Wegen der Proteste kommen Menschen zu spät zur Arbeit oder zu einem Termin, weil sich Aktivisten auf die Straße festgeklebt haben. Kunstliebhabern stockt der Atem, wenn weltberühmte Kunstwerke - die oft mit Glas geschützt sind - mit Cremetorte, Schokoladenkuchen oder Kartoffelbrei attackiert werden.

Bayerisches Gericht schickte Klimaaktivisten in Präventionshaft

Die Proteste der Klimaaktivisten sind spürbar, sie erregen zumindest Aufmerksamkeit für ihre Anliegen. Bayerns Justiz greift dabei hart durch. In Bayern müssen die Aktivisten - anders als in NRW und in anderen Teilen Deutschlands - mit Präventionshaft rechnen. Ein Gericht hat für drei Aktivisten Anfang November eine Woche Gewahrsam verhängt. 14 weitere bleiben bis zum 2. Dezember in Haft - und zwar vorsorglich.

Die Präventionshaft kann in Bayern ein Gericht anordnen, um eine Ordnungswidrigkeit von erheblicher Bedeutung für die Allgemeinheit zu verhindern. Zum Beispiel Straßenblockaden. Die Dauer der Haft kann bis zu einem Monat betragen und danach um einen weiteren verlängert werden. Unumstritten ist das aber nicht.

Zweifel an der Verhältnismäßigkeit

Die ehemalige Bundesjustizministerin Sabine Leutheusser-Schnarrenberger sprach vor wenigen Tagen im Bayerischen Rundfunk von einem "vollkommen unverhältnismäßigen" Schritt, "auch wenn ich viele Aktionen der Klimaaktivisten nicht teile". Es gehe nicht an, Menschen durch Präventionshaft erziehen zu wollen, das sei der falsche Ansatz.

Marco Noli Fachanwalt für Strafrecht

Auch der Münchner Strafrechtler Marco Noli äußerte gegenüber dem WDR am Mittwoch Zweifel an der Verhältnismäßigkeit von Präventionshaft bei Klimaaktivisten. Es sei ja bei den Blockaden keine Gewalt seitens der Protestierenden angewandt worden. Insofern wäre es ausreichend gewesen, das Vorgehen, unter dem die Allgemeinheit zu leiden gehabt habe, mit einer Geldstrafe zu ahnden.

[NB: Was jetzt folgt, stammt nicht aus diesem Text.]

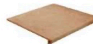
IMPALA | PELDAÑO FIORENTINO ANTI-SLIP *Peldaño extrusionado | Extrusive step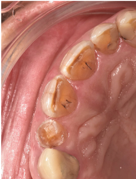
FIGURE 1: Preoperative clinical situation.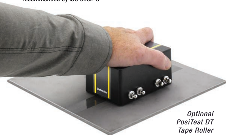
Optional PosiTest DT Tape Roller

Conforms to ISO 8502-3, AS 3894.6, US Navy PPI 63101-000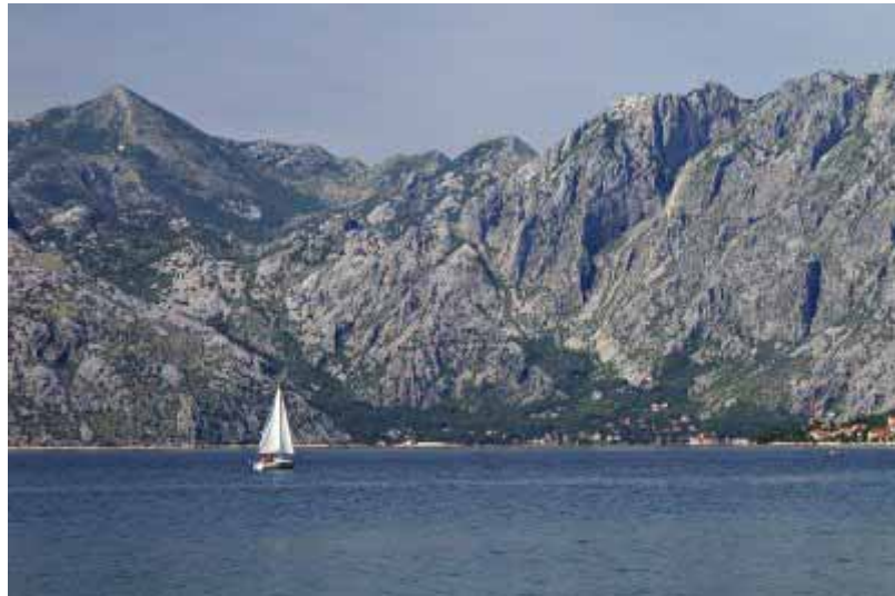
The bay of Kotor

What one can clearly see in Kotor and along the rest of the coast is how much Montenegrin economic growth is being driven by tourism. Tourism in turn boosts services and construction. According to the Ministry of Ministry of Tourism and Environmental protection, tourism generated EUR 322 million of revenues in 2006, 23.5 percent more than in 2005.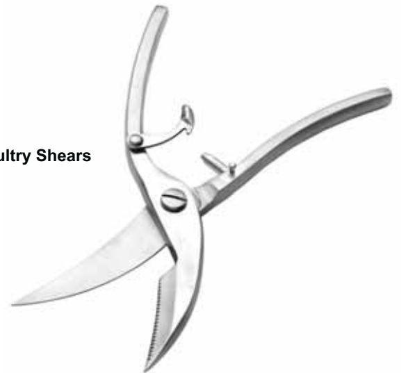
90060 Forged Poultry Shears 18/10 SS List $60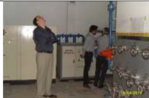
UK GAS WITH LINDE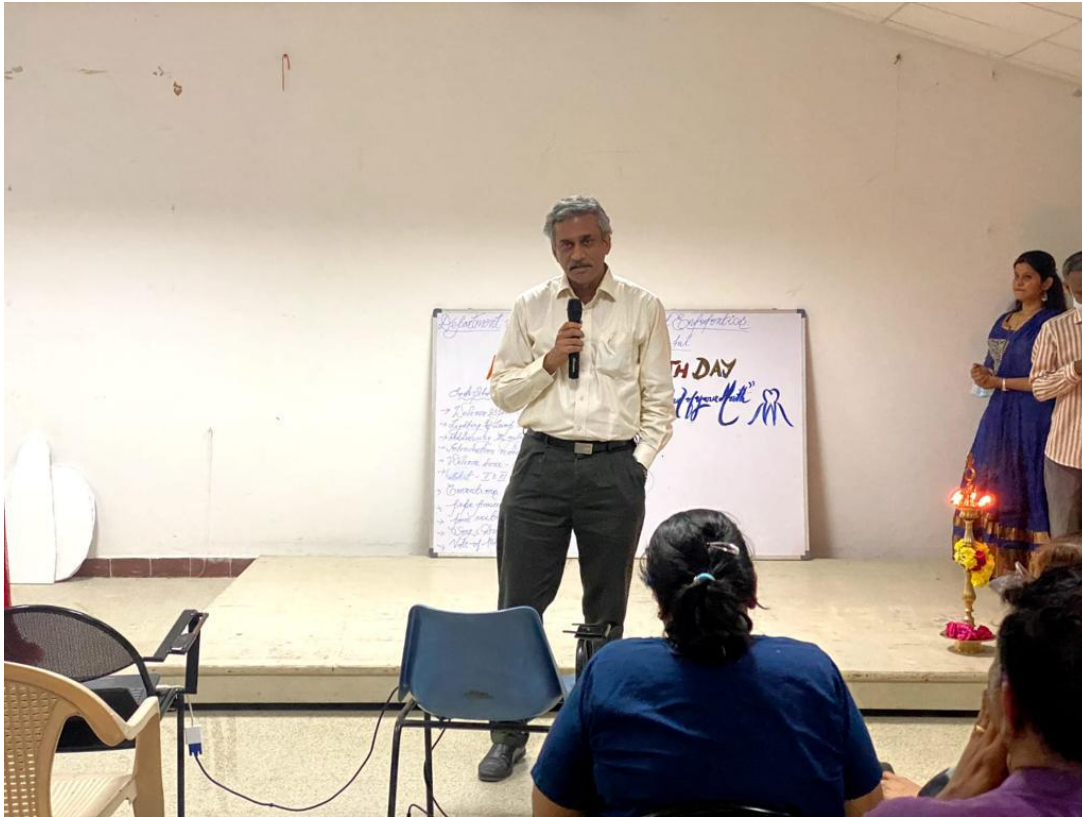
Awareness program and competition organized at our college by the Dept of Conservative Dentistry and Endodontics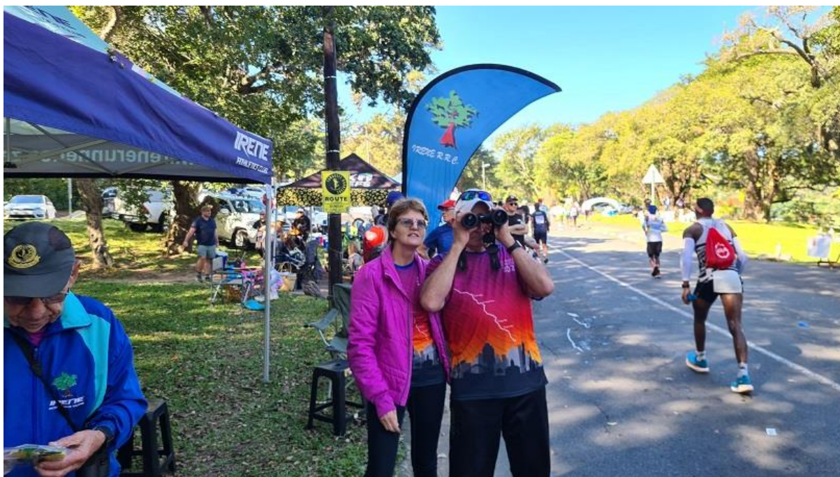
Making sure that no Irene runner is missed at the support station at Cowies Hill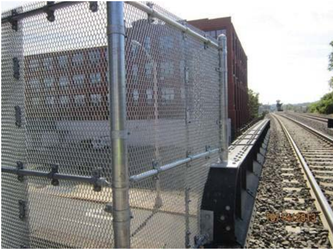
Figure 4. Interfacing High-security Fencing with Existing Infrastructure at NJT

In NJT's Policy on Right of Way Signage and Fencing 2 , its choice for security fencing is specific, naming a manufacturer and stating that the "Mesh Fence Fabric shall be made from a sheet of steel that is simultaneously slit and stretched into a rigid, open mesh diamond making one continuous sheet that cannot unravel. The finished shape of the mesh openings shall be diamond. Conventional expanded metal not manufactured specifically for security purposes is NOT permitted for this use". This type of fencing has successfully prevented trespass and typically it stays undamaged. The only known breach was in one location where trespassers stacked pallets in order to scale the fence.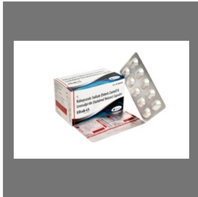
Rabepazole Sodium And Levosulpiride Capsules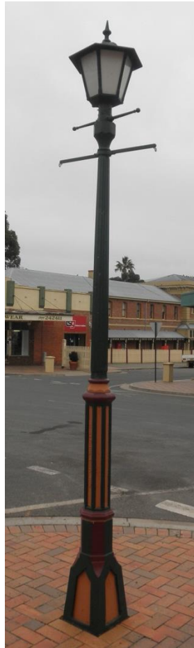
Junee Lamp post Pattern using 17A base and Junee tapered Fluted shaft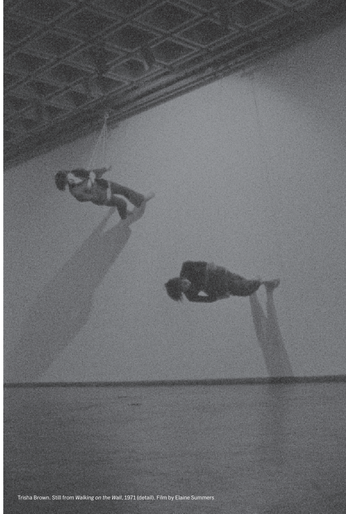
Trisha Brown. Still from Walking on the Wall , 1971 (detail). Film by Elaine Summers

Klimaaktivisten kämpfen weiter für ihr Anliegen

Doch ausbremsen lassen sich die Klimaaktivisten ohnehin nicht, auch nicht von einer Präventionshaft. Online reagieren sie mit diesem Aufruf: "Lasst uns diesen Moment weiter ausbauen und schon mit der nächsten Welle an Menschen weitere Zelle füllen. Wir werden mit mehr und mehr Menschen nach Bayern gehen und vom Staat weggesperrt werden."

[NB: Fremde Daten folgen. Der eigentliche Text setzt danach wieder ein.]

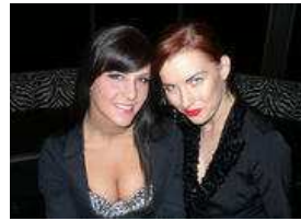
Whisper Lounge in Photos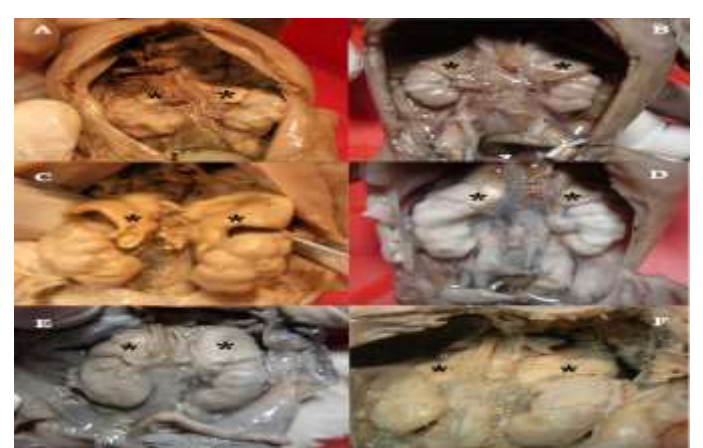
Fig. 2: Dissected fetal abdomen showing the suprarenal glands (*) in various gestational ages. A–14weeks, B– 16weeks, C–20weeks, D–24weeks, E–26weeks, F–30weeks. Note the predominant tetrahedral shape of the right and crescentic shape of the left suprarenal glands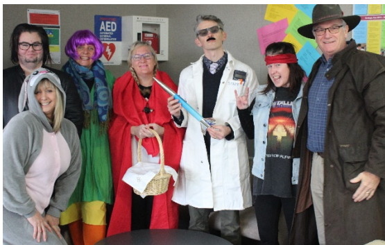
Teachers are heavily involved as well.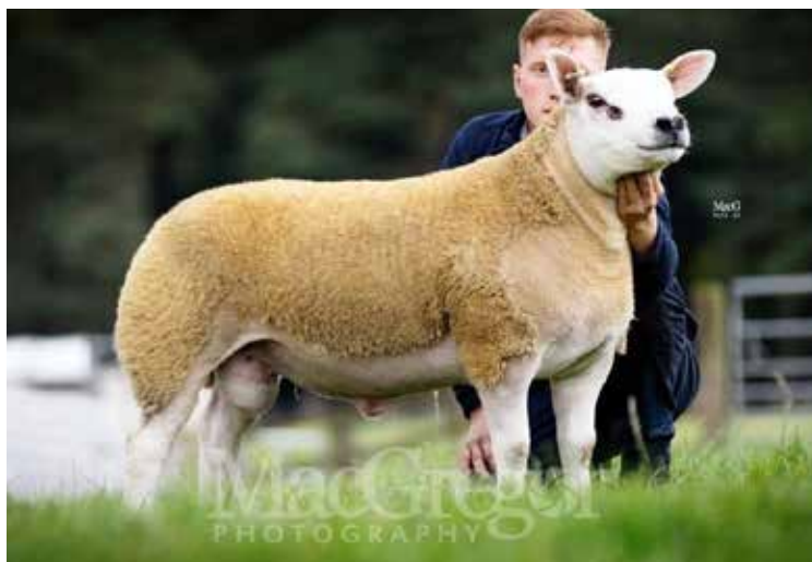
SPORTSMANS DEAL BREAKER

Sportsman's Deal Breaker was purchased at Lanark for 28,000gns.

Klimaaktivistin Carla Rochel

Weggesperrt wegen einer Blockade - das hat auch die Klimaaktivistin Carla Rochel erleben müssen. Drei Tage saß sie deswegen im Februar in Haft. Eine solche Phase könnte ihr erneut bevorstehen. Aber sie macht weiter und holt - verbal - zum Gegenschlag aus: "Wir nutzen das Mittel des friedlichen Widerstands, weil wir gerade in einen Klimakollaps rasen", sagte Rochel dem WDR. Die Bundesregierung tue "nichts, um uns davor zu schützen. DAS ist kriminell", betonte sie.

Wird der Klimanotstand zur Nebensache?

Auf der Klimakonferenz in Ägypten versuchen Politiker und Verhandler den Klimanotstand zu beenden. Klimaaktivisten haben sich dies zur Herzenssache gemacht. Was Rochel bedauert: Hierzulande drohe eine Spirale aus radikalen Protesten und harten Sanktionen. Das eigentliche Thema, nämlich die Klimakrise und Lösungen hierfür, werde zur Nebensache.

Derweil hat am Mittwoch die Kölner Kunstmesse Art Cologne begonnen. Die Veranstalter sind in Sorge. Anders als in Museen seien die Werke nicht hinter Glas, sagte Messe-Direktor Daniel Hug. Sollten sie beschädigt werden, könne das teuer werden, zumal sie überwiegend in Privatbesitz seien.